* Prompt *
Transcribe the data exactly. Pictures stay out.

* Dataset records *

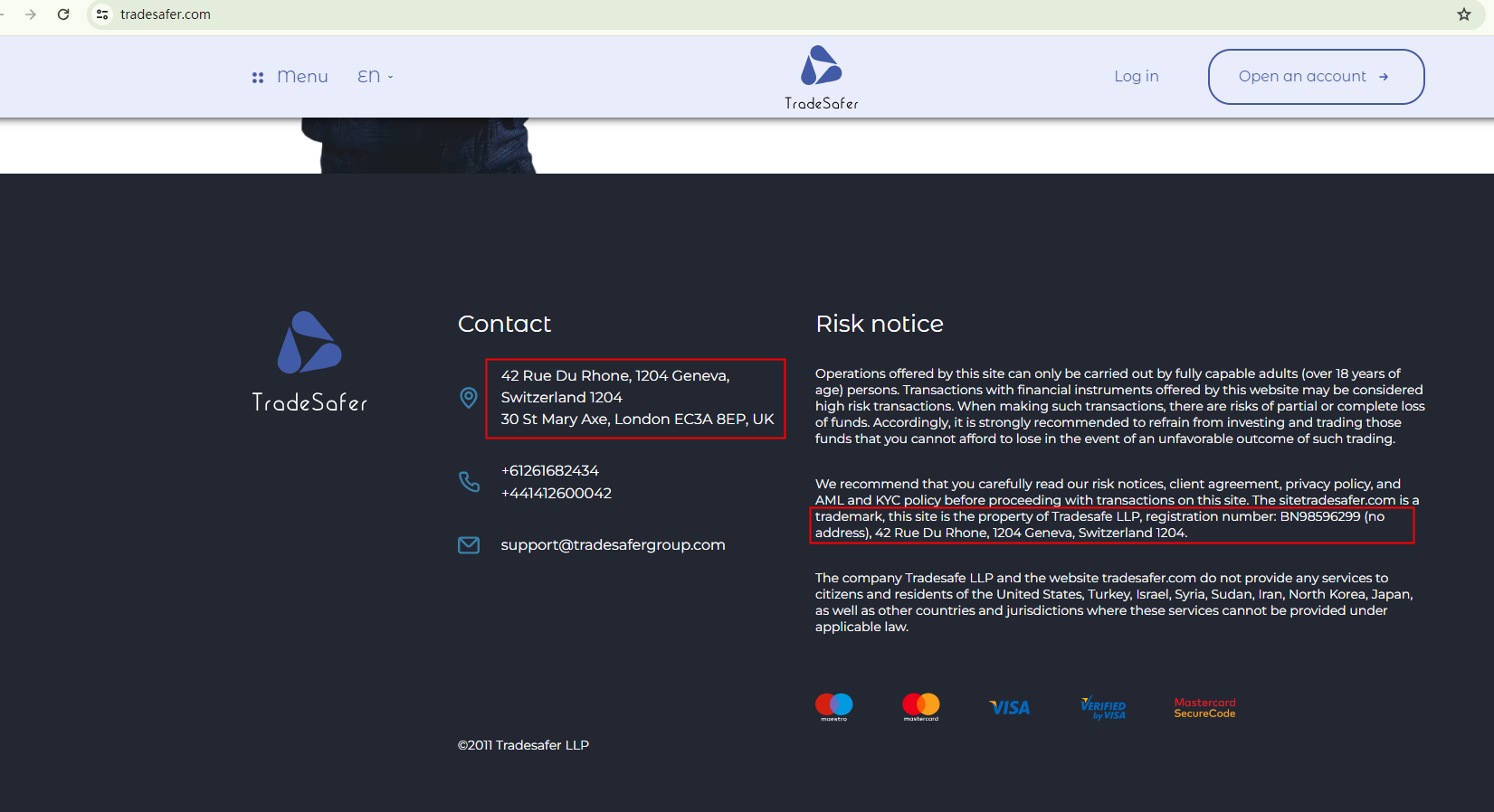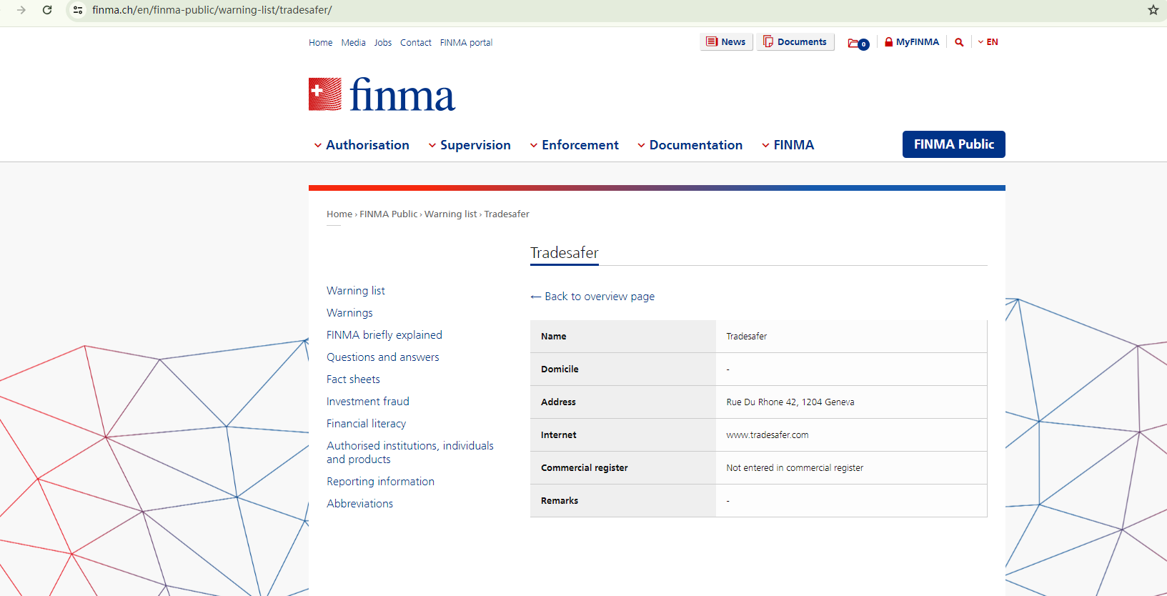 Despite Tradesafer's assertions of being registered in the UK and Switzerland, our investigations with the relevant financial regulators - the Financial Conduct Authority (FCA) and the Swiss Financial Market Supervisory Authority (FINMA) - indicate that it does not hold a license from either of these authorities. Furthermore, FINMA has issued a public warning about Tradesafer to inform the public about this unlicensed entity.
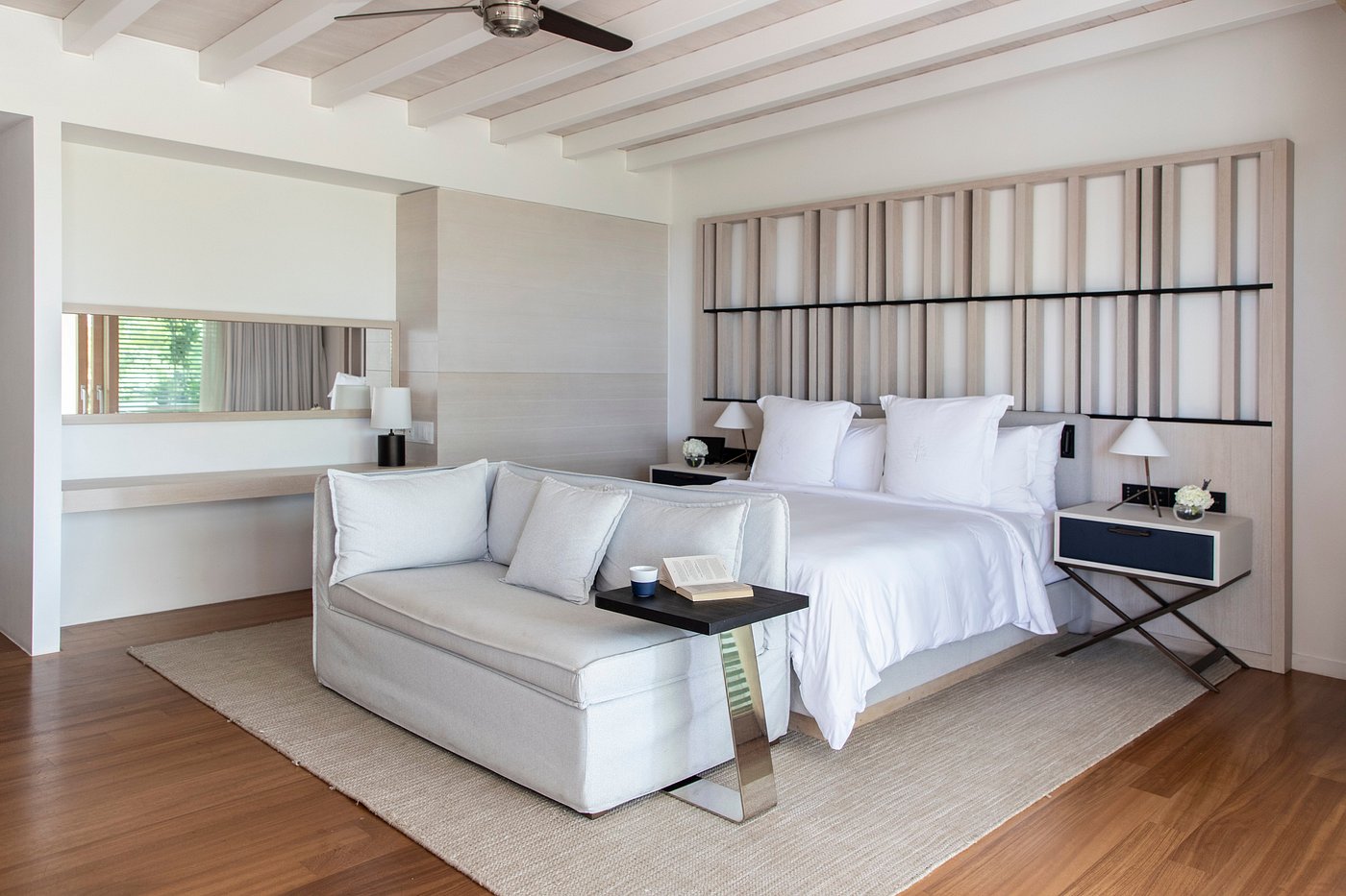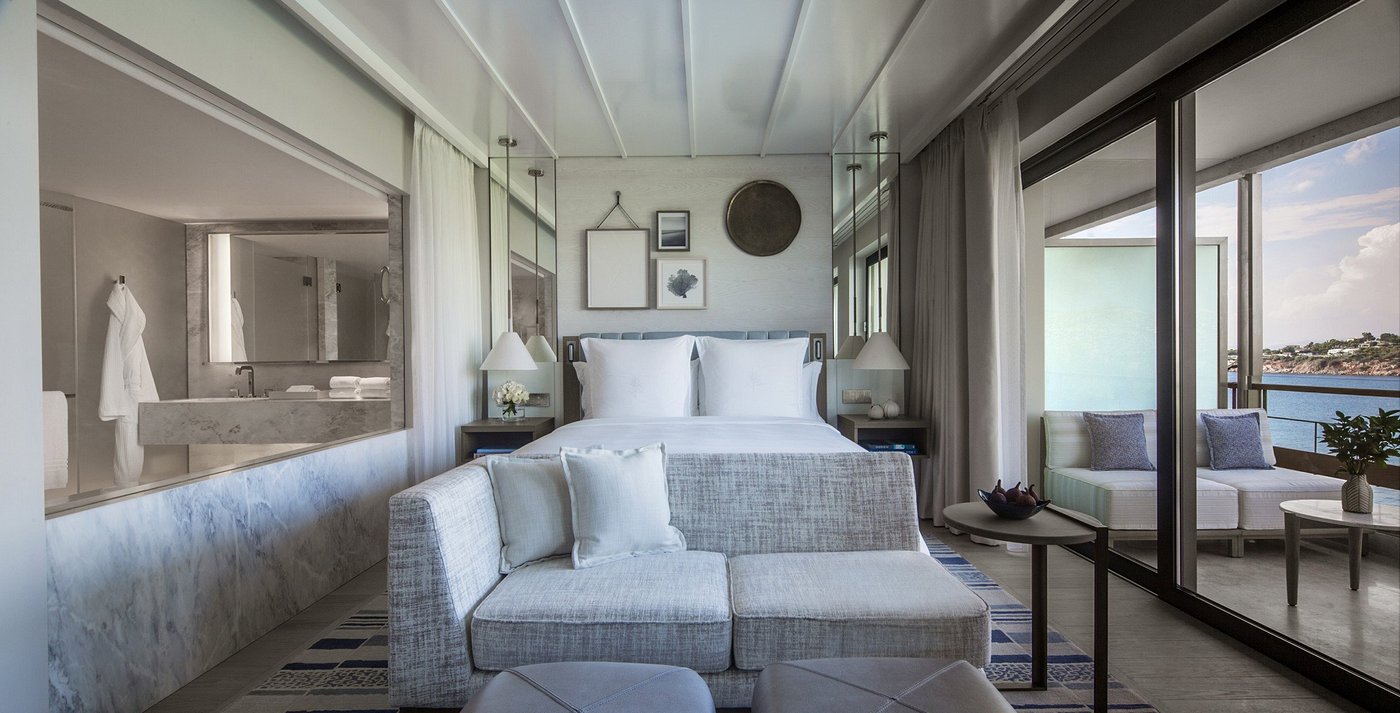 Rooms and suites are generous in size, with many featuring private terraces, outdoor lounges, or even their own pools. Interiors lean toward soft colours, natural textures, and a relaxed modern Greek aesthetic that encourages slow living and comfort.
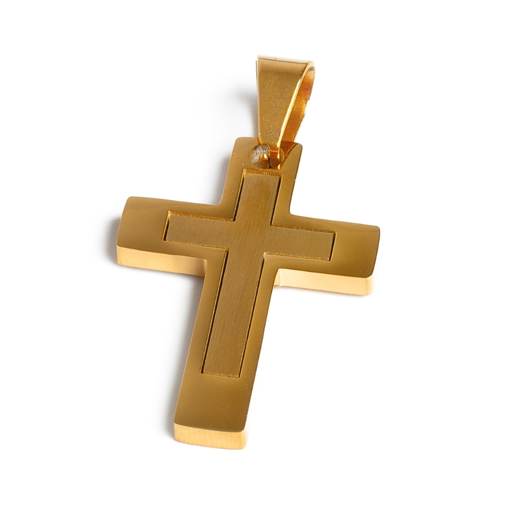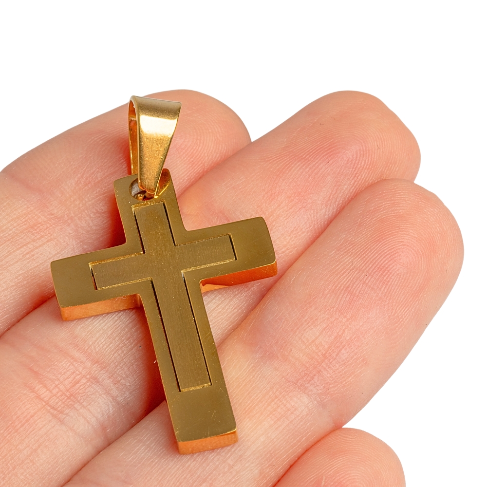 • Kereszt medál kapoccsal 30 mm arany nemesacél
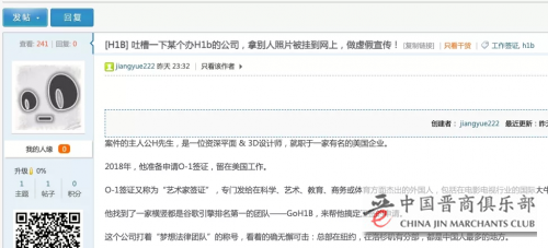 照片左上角醒目地打着“已通过(签证)”,下面是一段介绍,说H先生找到GoH1B后,GoH1B的律师指导他,给出合理的建议,找代理给他开了咨询意见信,加急15天,顺利斩获O-1签证。H先生的朋友一看,很满意,立刻就和GoH1B签了合同,交了钱,随后给他打电话,告诉他这一“喜讯”——我就要成为下一个你啦。H先生很诧异,什么照片?他打开网页一看,震!惊!了!先不说他根本没拿到签证,图中配的广告语,字字虚假:指导,加急,称H先生申请O-1是因为比H1B省时间……全部不是实情。朋友被虚假广告骗了!查看一下时间,这张图至少被GoH1B放到网上一年多了——这不是害了成千上万的人吗?果不其然,H先生的另一个朋友也差点买GoH1B的服务,后来因为在别处解决了,才虎口逃生。申请工签失败,承受被踢出美帝的结局,倒头来被三言两语“整容”,给人家做了嫁衣?H先生怒了!2020年11月,他以侵犯肖像权,盗用相似性,欺诈和违反《不正当竞争法》的多种名义,在加利福尼亚州高级法院投诉GoH1B:
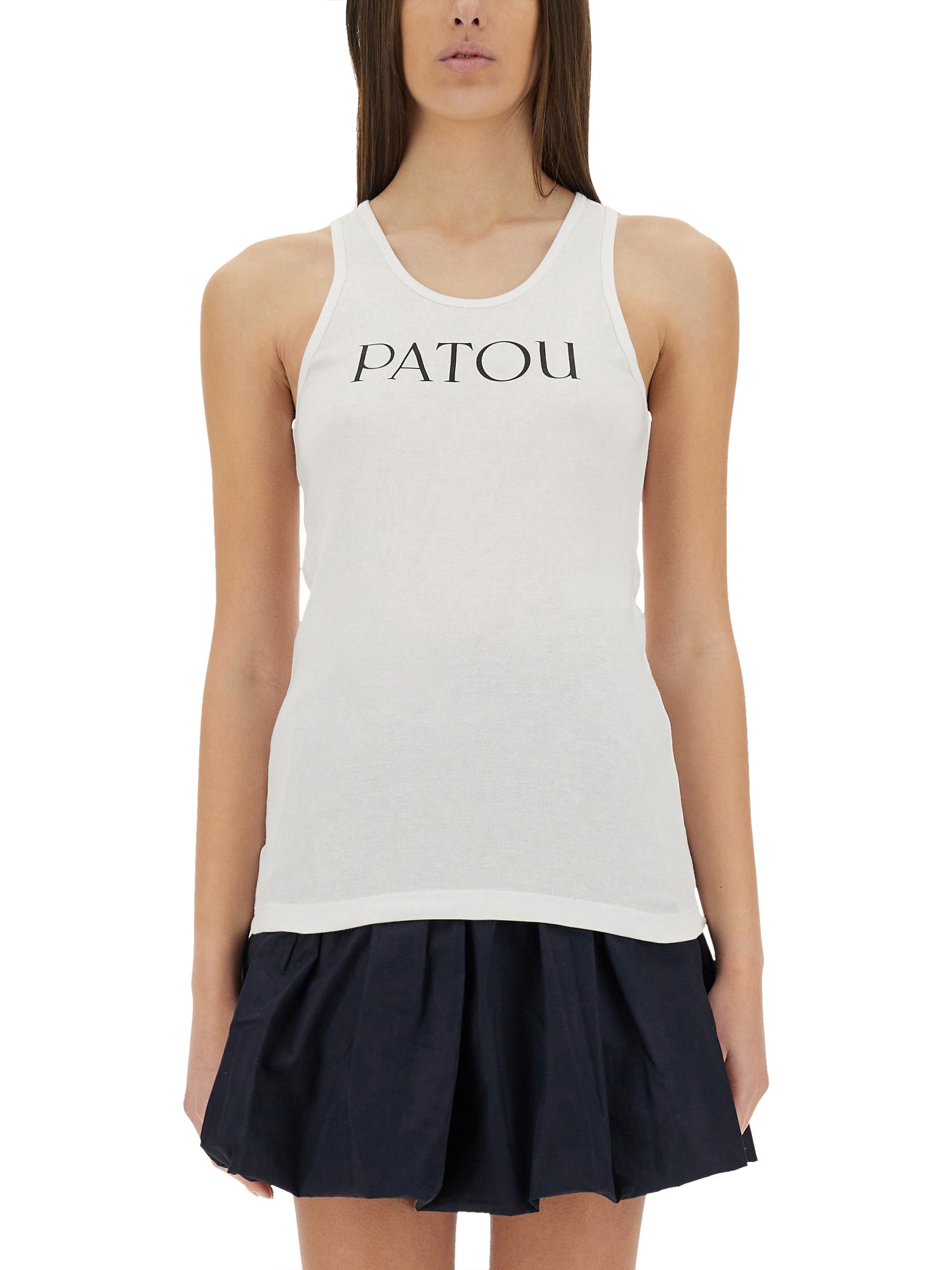 Preparatevi a sfoggiare un look rilassato ed elegante con la nostra T-shirt con stampa logo di Patou! Caratterizzata da scollatura a girocollo, stile senza maniche e orlo dritto, questa T-shirt è all'insegna del comfort e della moda. Il suo tessuto leggero permette di muoversi facilmente, rendendola ideale sia per le uscite casual che per le giornate attive. L'accattivante stampa del logo sul petto aggiunge un tocco di personalità e mostra il vostro amore per Patou.
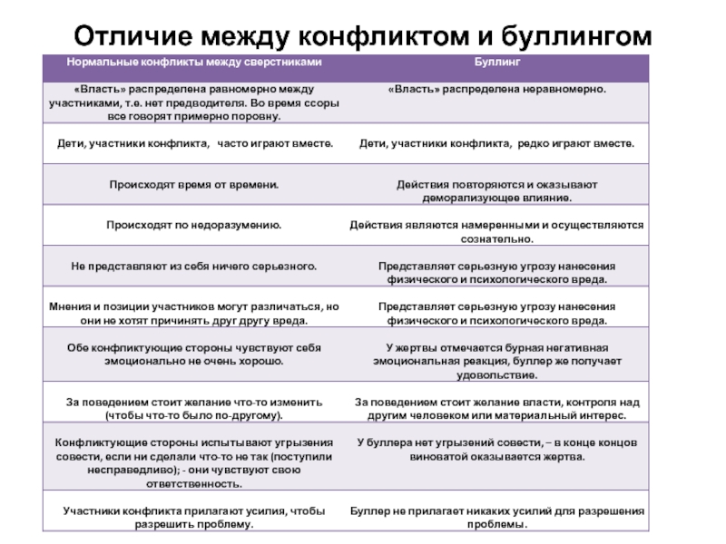Не любая ссора является буллингом. Обычные конфликты возникают и разрешаются, проходят. В случае буллинга сохраняется постоянная враждебность, чаще всего по отношению к отдельному ребенку, - возникает длительный конфликт. Единичные или даже повторяющиеся случаи проявления нахальства или наглости еще не являются буллингом. Нужна длительность и систематичность.

* Written response *
 Despite Tradesafer's assertions of being registered in the UK and Switzerland, our investigations with the relevant financial regulators - the Financial Conduct Authority (FCA) and the Swiss Financial Market Supervisory Authority (FINMA) - indicate that it does not hold a license from either of these authorities. Furthermore, FINMA has issued a public warning about Tradesafer to inform the public about this unlicensed entity.
 Rooms and suites are generous in size, with many featuring private terraces, outdoor lounges, or even their own pools. Interiors lean toward soft colours, natural textures, and a relaxed modern Greek aesthetic that encourages slow living and comfort.
 • Kereszt medál kapoccsal 30 mm arany nemesacél
 照片左上角醒目地打着“已通过(签证)”,下面是一段介绍,说H先生找到GoH1B后,GoH1B的律师指导他,给出合理的建议,找代理给他开了咨询意见信,加急15天,顺利斩获O-1签证。H先生的朋友一看,很满意,立刻就和GoH1B签了合同,交了钱,随后给他打电话,告诉他这一“喜讯”——我就要成为下一个你啦。H先生很诧异,什么照片?他打开网页一看,震!惊!了!先不说他根本没拿到签证,图中配的广告语,字字虚假:指导,加急,称H先生申请O-1是因为比H1B省时间……全部不是实情。朋友被虚假广告骗了!查看一下时间,这张图至少被GoH1B放到网上一年多了——这不是害了成千上万的人吗?果不其然,H先生的另一个朋友也差点买GoH1B的服务,后来因为在别处解决了,才虎口逃生。申请工签失败,承受被踢出美帝的结局,倒头来被三言两语“整容”,给人家做了嫁衣?H先生怒了!2020年11月,他以侵犯肖像权,盗用相似性,欺诈和违反《不正当竞争法》的多种名义,在加利福尼亚州高级法院投诉GoH1B:
 Preparatevi a sfoggiare un look rilassato ed elegante con la nostra T-shirt con stampa logo di Patou! Caratterizzata da scollatura a girocollo, stile senza maniche e orlo dritto, questa T-shirt è all'insegna del comfort e della moda. Il suo tessuto leggero permette di muoversi facilmente, rendendola ideale sia per le uscite casual che per le giornate attive. L'accattivante stampa del logo sul petto aggiunge un tocco di personalità e mostra il vostro amore per Patou.
Не любая ссора является буллингом. Обычные конфликты возникают и разрешаются, проходят. В случае буллинга сохраняется постоянная враждебность, чаще всего по отношению к отдельному ребенку, - возникает длительный конфликт. Единичные или даже повторяющиеся случаи проявления нахальства или наглости еще не являются буллингом. Нужна длительность и систематичность.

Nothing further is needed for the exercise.